Stop 'reactions' to email by adding a postfix header (2024)(neilzone.co.uk)
63 points | 70 commentspage 2
infogulch 4 days ago|
Is it really that annoying?
johannes1234321 4 days ago||
My employer uses Outlook/Exchange and those reactions are a lot less annoying than short mails expressing the same thing on mailing lists and also is an alternative to notes not really demanding a proper response ending in the void. (Like a fun/life sharing post)
hk1337 4 days ago||
I don’t see any issues with it using outlook either but from what it sounds like when people do it for emails not managed by outlook, they’re getting a whole new email about it? If so, I could see how that would be annoying.
tiberious726 4 days ago|||
Yes
reaperducer 4 days ago||
Is it really that annoying?

It depends on the context.

If it's my mother acknowledging receipt of a recipe, then it's fine.

If it's a co-worker acknowledging receipt of a legal document, then it is both unprofessional, and annoying.

I mock my co-workers by replying with an actual e-mail message with the word "Thumb!" in it. They've stopped thumbing my e-mail messages.

maccard 4 days ago|||
> if it's a co-worker acknowledging receipt of a legal document, then it is both unprofessional, and annoying.

Disagree - a reaction is a perfect acknowledgement and a clear sign of “you don’t need to do anything here”. If they send an actual email it could be:

    Acknowledged, thanks.

    By the way can you change X to Y?
And it’s super easy to miss.
idiotsecant 4 days ago|||
You're that guy who everyone thinks is weird for doing the thing. In the real world language changes over time. We need not be dogmatic about it, you know what it means.
reaperducer 4 days ago|||
In the real world language changes over time.

This is what we used to say back in high school.

When you have actual "real world" experience, you learn that while language changes, there is professional language that you use in the workplace, and there is informal language that you use in a bar.

You don't use a single vocabulary for every interaction in every situation of your life. You alter your speech for the situation. You don't talk to the cop that just pulled you over, or the bank manager you're trying to get money from, or your mom the same way you talk to your friends watching a sportsball game.

reaperducer 4 days ago||||
You're that guy who everyone thinks is weird for doing the thing.

You mean like articulating complete sentences?

ziml77 4 days ago|||
"Annoying" is probably a more accurate word to describe what they're thinking. Coworkers have to remember to not use the reaction buttons with this one specific person who responds like an ass to them.
reaperducer 4 days ago||
If they annoy me, I can annoy them right back.

In the logic presented in this thread, how is an emoji any different from the word "Thumb?"

mouse_ 5 days ago||
> I don't want this.

It seems your colleagues do.

wiether 4 days ago||
I'm not sure they are talking about their colleagues:

> To me - as someone not in the Microsoft ecosystem

And the fact that they are managing their own Postfix seems pretty clear.

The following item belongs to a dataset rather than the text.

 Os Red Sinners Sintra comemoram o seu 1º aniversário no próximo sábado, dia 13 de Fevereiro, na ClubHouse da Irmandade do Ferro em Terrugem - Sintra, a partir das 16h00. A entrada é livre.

As someone in the MS ecosystem at work, I'm using this feature daily (after thinking that it was stupid in the early days)... but I make sure to only use it with coworkers or partners that I know are in the MS ecosystem.

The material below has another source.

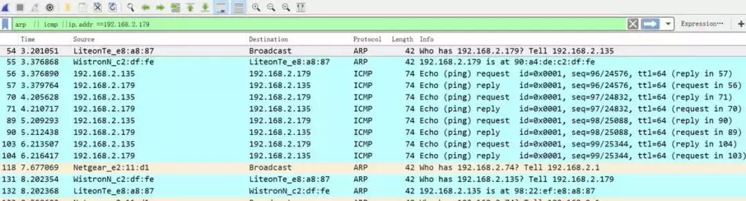 可以看到,上图中在真正 ping之前并没有进行一次 ARP请求。

I 100% understand someone being annoyed when they receive an email telling them that someone added an emoji to their email.

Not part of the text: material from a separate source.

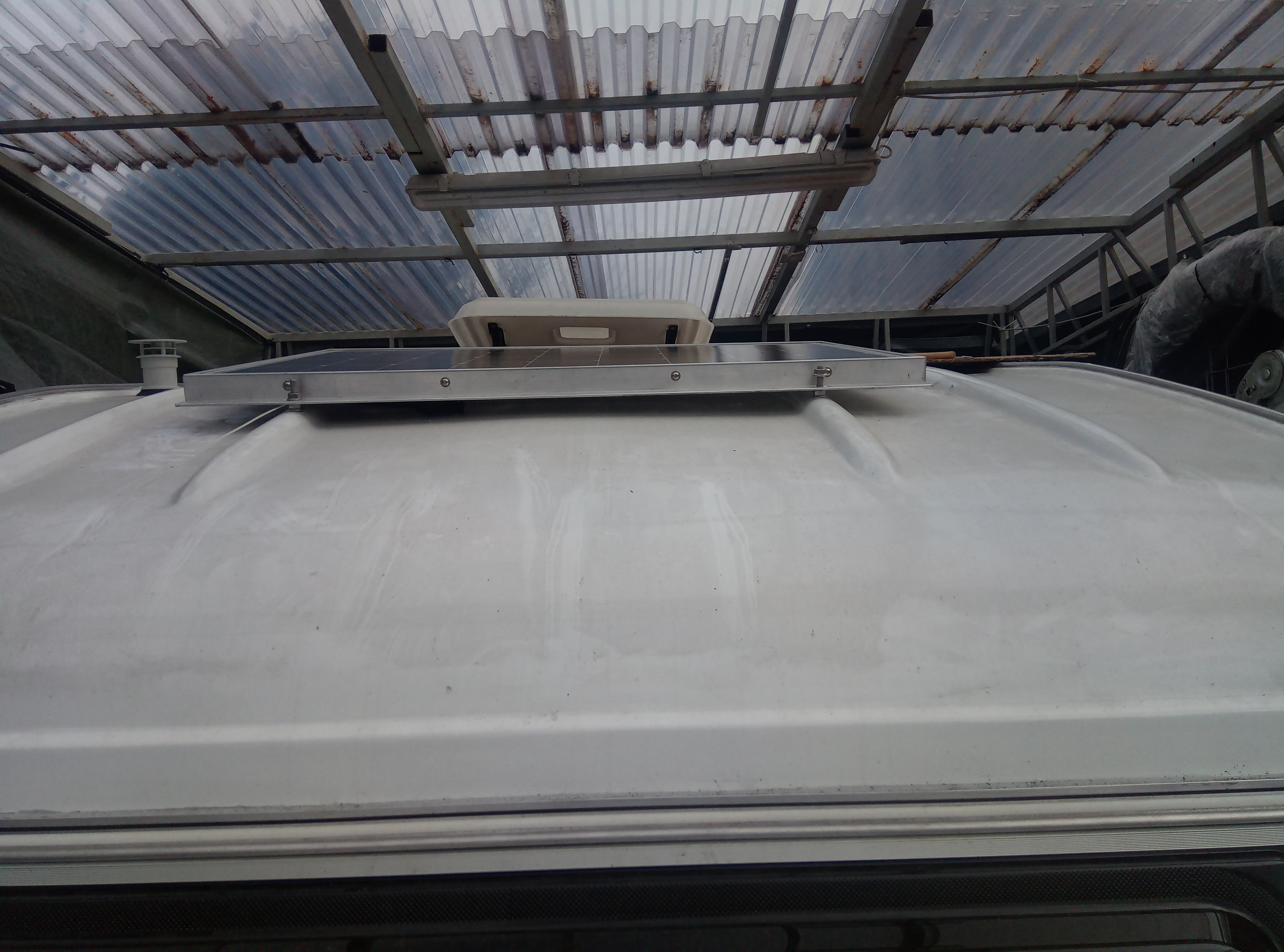 Poza tym walka z solarem, a raczej zapadniętym dachem. Wstępne przymiarki pokazały, że ładnie nie będzie niestety. Dach na tyle twardy, że się nie poddał. Podczas przykręcania panel się skręcał. Trzeba będzie dawać dystansy z jednego rogu.

Sometimes during the weekend MS is sending me an email recap of the reactions I received during the week and it pisses me off.

The email reactions should be silent and that's their goal: a quiet ack.

wkat4242 4 days ago|||
The problem with this is embrace extend extinguish. The way Microsoft adds features to email that only work well in their ecosystem and annoy everyone else is a clear extend phase in progress
AlexandrB 4 days ago|||
Google is trying a similar strategy with AMP for email[1]. I think we're going to miss interoperable email once it's gone.

[1] https://developers.google.com/workspace/gmail/ampemail

wiether 4 days ago|||
Yeah that's why I didn't quite welcomed the feature at first: that's just MS adding their stuff and not following a standard.
bee_rider 4 days ago|||
Yeah. I think reactions emojis are just the gen-z version of the subject line:

RE: Here are the plans. Ack <eom>

In that sense they basically make sense and it should be unmysterious that people want them.

wiether 4 days ago|||
> I think reactions emojis are just the gen-z version

Every time someone tells that something I use and enjoy is "the gen-z version" of something, I'm getting worried: is it me trying to keep-up with the cool kids?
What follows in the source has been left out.